As usinas dos EUA vão consumir 16% a mais de carvão neste ano do que em 2020, e mais 3% em 2022, disse a Administração de Informações sobre Energia na semana passada. China e Índia, que juntas respondem por quase 65% da demanda, não têm planos de cortes no curto prazo.

Isso se traduzirá em emissões mais altas, um revés para a ação climática antes das negociações internacionais deste ano destinadas a elevar o nível de ambição dos compromissos sob o Acordo de Paris para reduzir os gases de efeito estufa. Nos Estados Unidos, o aumento pode minar a iniciativa de Joe Biden para restabelecer o país como líder ambiental e aumentar a pressão sobre o presidente americano para implementar rapidamente sua agenda climática.

“Veremos um aumento realmente acentuado das emissões”, com o consumo de carvão nas usinas dos EUA retornando quase aos níveis de 2019, disse Amanda Levin, analista de políticas do Conselho de Defesa de Recursos Naturais, em Nova York. Mas, se Biden implementar políticas de energia verde conforme o esperado, “poderíamos realmente ver mudanças muito rapidamente”.

O aumento do consumo de carvão nos EUA decorre da alta dos preços do gás natural e da recuperação do impacto da pandemia.

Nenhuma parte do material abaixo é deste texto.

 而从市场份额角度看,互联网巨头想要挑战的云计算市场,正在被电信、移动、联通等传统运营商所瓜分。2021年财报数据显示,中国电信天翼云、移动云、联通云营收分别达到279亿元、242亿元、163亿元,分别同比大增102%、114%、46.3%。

No caso da China e da Índia, é um reflexo da crescente demanda por eletricidade que mantém o carvão como fonte dominante de geração de energia, mesmo ao adicionar grandes quantidades de capacidade solar e eólica.

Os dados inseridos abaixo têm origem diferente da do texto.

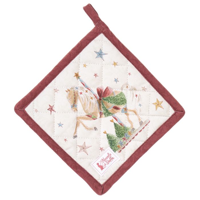 Bellissima presina impreziosita da un delicato decoro natalizio ispirato alle atmosfere incantate delle giostre.

Embora o estímulo da Covid de Biden não se concentre em energia verde, um projeto de lei de infraestrutura pendente deve incluir planos para cumprir suas promessas de campanha sobre mudança climática, tornando os EUA mais bem posicionados para garantir o progresso na redução das emissões globais. Biden disse que os EUA buscarão a neutralidade de carbono até 2050 e convocou uma reunião em abril que deverá incluir a China e a Índia.

O presidente da China, Xi Jinping, surpreendeu o mundo com sua promessa no ano passado de zerar as emissões líquidas até 2060. A Índia ainda não assumiu nenhum compromisso semelhante.